**Activity:** Set down, word for word, each line from the top of the data through the line that has "全国计算机等级考试一级b或以"; omit every picture.

─── Data shown

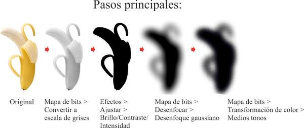 - Fotografía del batido vitaminado: repite los mismos pasos principales que usamos para transformar la imagen de la banana en la imagen de medios tonos (pasos 15 y 16).
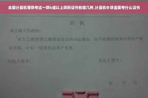 全国计算机等级考试一级b或以上级别证书有二级vb、二级c语言、二级C++、二级Java、二级WEB程序设计、二级VFP、三级PC技术、三级信息管理技术、三级数据库技术、三级网络技术等。 全国计算机等级考试(NationalComputerRankExamination,以下简称NCRE),是经原国家教育委员会(现教育部)批准,由教育部考试中心主办,面向社会,用于考查非计算机专业应试人员计算机应用知识与技能的全国性计算机水平考试体系。
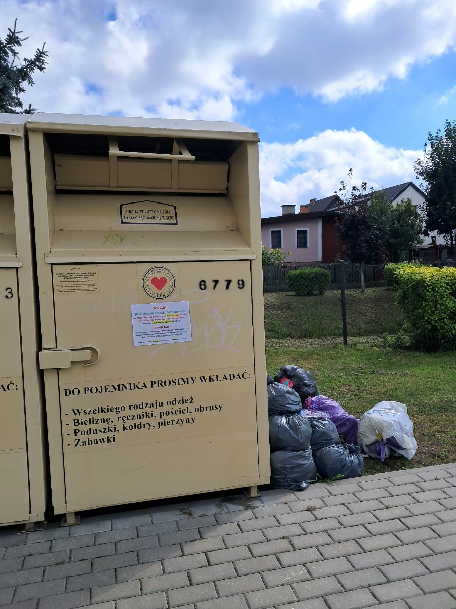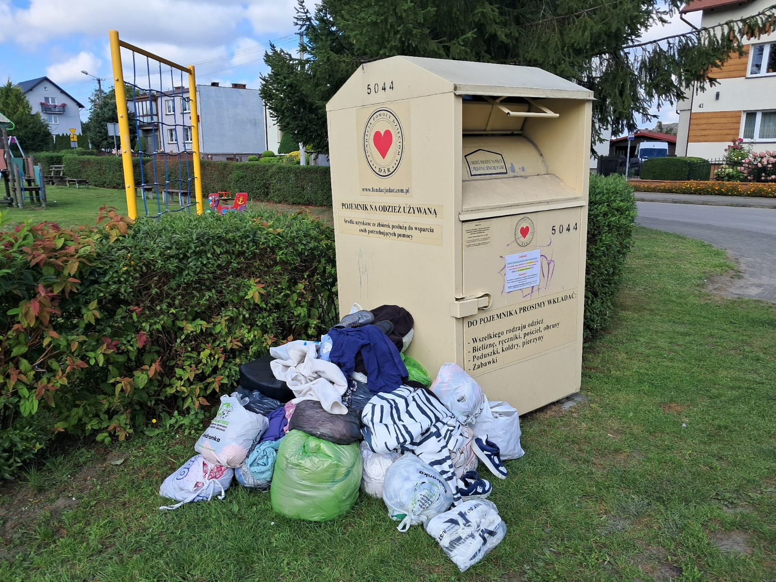 Szanowni Mieszkańcy, przypominamy, że zużytej odzieży i tekstyliów nie wolno wrzucać ani do własnych koszy na śmieci, ani do pojemników na odzież używaną firmy TESSO.
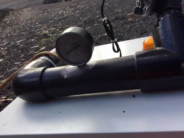 Se trata de un lanzador del cohete del aire comprimido. Utiliza tubos de PVC común y accesorios que cualquier persona puede tener en sus manos.Puede lanzar cualquier cosa de dardos Nerf a los cohetes caseros. Tengo todas las partes de un local es par
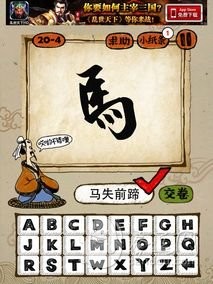 《成语玩命猜》20关答案:20-1答案:俯首称臣FSCC、20-2答案:能屈能伸NQNS、20-3答案:入木三分RMSF、20-4答案:马失前蹄MSQT
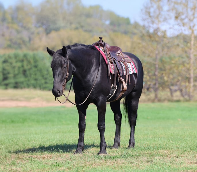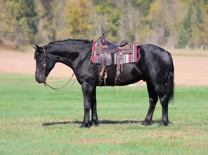 ⚜️𝐓𝐇𝐄 𝐅𝐀𝐋𝐋 𝐇𝐄𝐑𝐈𝐓𝐀𝐆𝐄 𝐂𝐋𝐀𝐒𝐒𝐈𝐂⚜️ Happening now thru MONDAY | NOVEMBER 3rd - Available EXCLUSIVELY on HorseBid's website! For more details and to register visit: www.Horsebid.com CONSIGNOR CONTACT: Cole Stevens 651-387-8781 LOCATION: Riverfalls, WI BREED: Crossbred REGISTERED: No COLOR: Black HEIGHT: 16.3 AGE: 6 GENDER: Gelding Everyone always calls looking for a big pretty crossbred well we finally have one and he checks all of the boxes! Toby is a 6 year old crossbred gelding that is jet black, stands 16.3/17 hands and has been used for anything and everything that we can put one through. Toby has had every job on the place, we have used him to gather and doctor yearlings, taken him on trail rides and there isn’t anything that bothers him. He is point and shoot! Toby rides in and out of the arena, and he will lope around like a quarter horse. He is very good leaded and one hand broke, he even rides bridleless. He has also been ridden English, so if you’re wanting to ride English or western it makes no difference to him, he is just along for the ride and looking to please. Before coming to us he was used to the rodeos as a flag horse and also used to clear cattle out of the arena, he has seen the lights and the music in front of the big crowds! He is gentle and stays that way he has a huge personality and always wants to be your friend. There really isn’t a job to big or to small for this gelding. Don’t miss out on this super nice gelding, he will stand out no matter where he goes. He is ready to go to his next home where someone can use and enjoy him. Toby has great feet and is as straight and clean legged. If you have any question feel free to call me at 651-387-8781. He is offered exclusively on Horsebid.com!
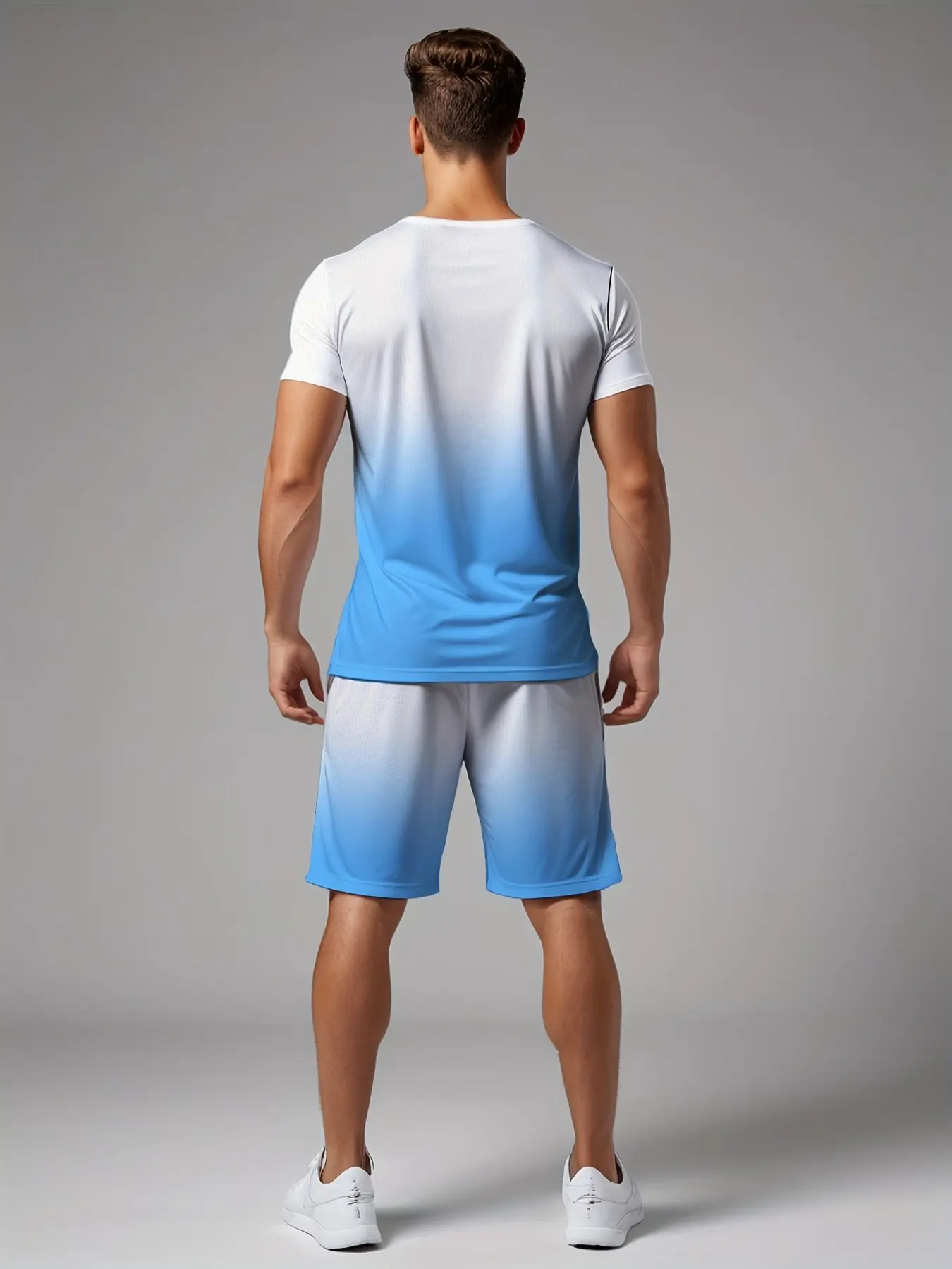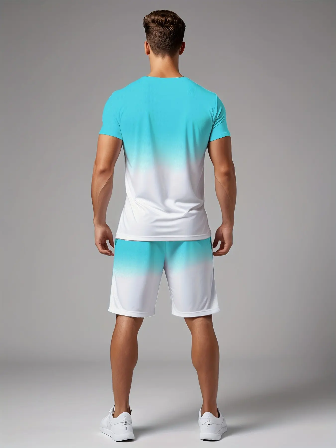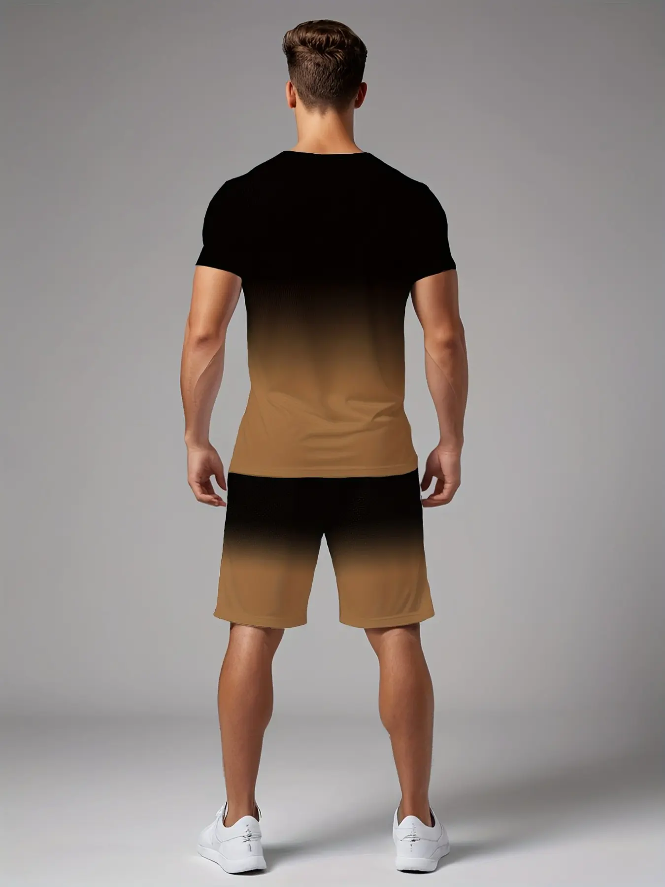 Men's Summer Gradient Patchwork Set, Cartoon Pattern Short Sleeve T-Shirt and Shorts, Breathable and Quick-Dry, Ideal for Outdoor Activities
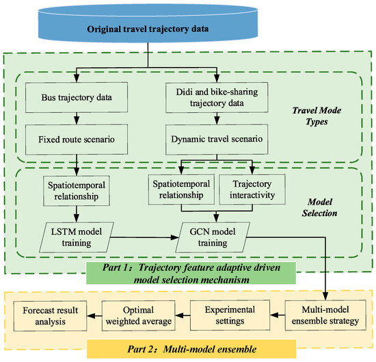 Urban multimodal travel trajectory prediction is a core challenge in Intelligent Transportation Systems (ITSs). It requires modeling both spatiotemporal dependencies and dynamic interactions among different travel modes such as taxi, bike-sharing, and buses. To address the limitations of existing methods in capturing these diverse trajectory characteristics, we propose a spatiotemporal multi-model ensemble framework, which is an ensemble model called GLEN (GCN and LSTM Ensemble Network). Firstly, the trajectory feature adaptive driven model selection mechanism classifies trajectories into dynamic travel and fixed-route scenarios. Secondly, we use a Graph Convolutional Network (GCN) to capture dynamic travel patterns and Long Short-Term Memory (LSTM) network to model fixed-route patterns. Subsequently the outputs of these models are dynamically weighted, integrated, and fused over a spatiotemporal grid to produce accurate forecasts of urban total traffic flow at multiple future time steps. Finally, experimental validation using Beijing’s Chaoyang district datasets demonstrates that our framework effectively captures spatiotemporal and interactive characteristics between multimodal travel trajectories and outperforms mainstream baselines, thereby offering robust support for urban traffic management and planning.

──────

**Written solution:**
 - Fotografía del batido vitaminado: repite los mismos pasos principales que usamos para transformar la imagen de la banana en la imagen de medios tonos (pasos 15 y 16).
 全国计算机等级考试一级b或以上级别证书有二级vb、二级c语言、二级C++、二级Java、二级WEB程序设计、二级VFP、三级PC技术、三级信息管理技术、三级数据库技术、三级网络技术等。 全国计算机等级考试(NationalComputerRankExamination,以下简称NCRE),是经原国家教育委员会(现教育部)批准,由教育部考试中心主办,面向社会,用于考查非计算机专业应试人员计算机应用知识与技能的全国性计算机水平考试体系。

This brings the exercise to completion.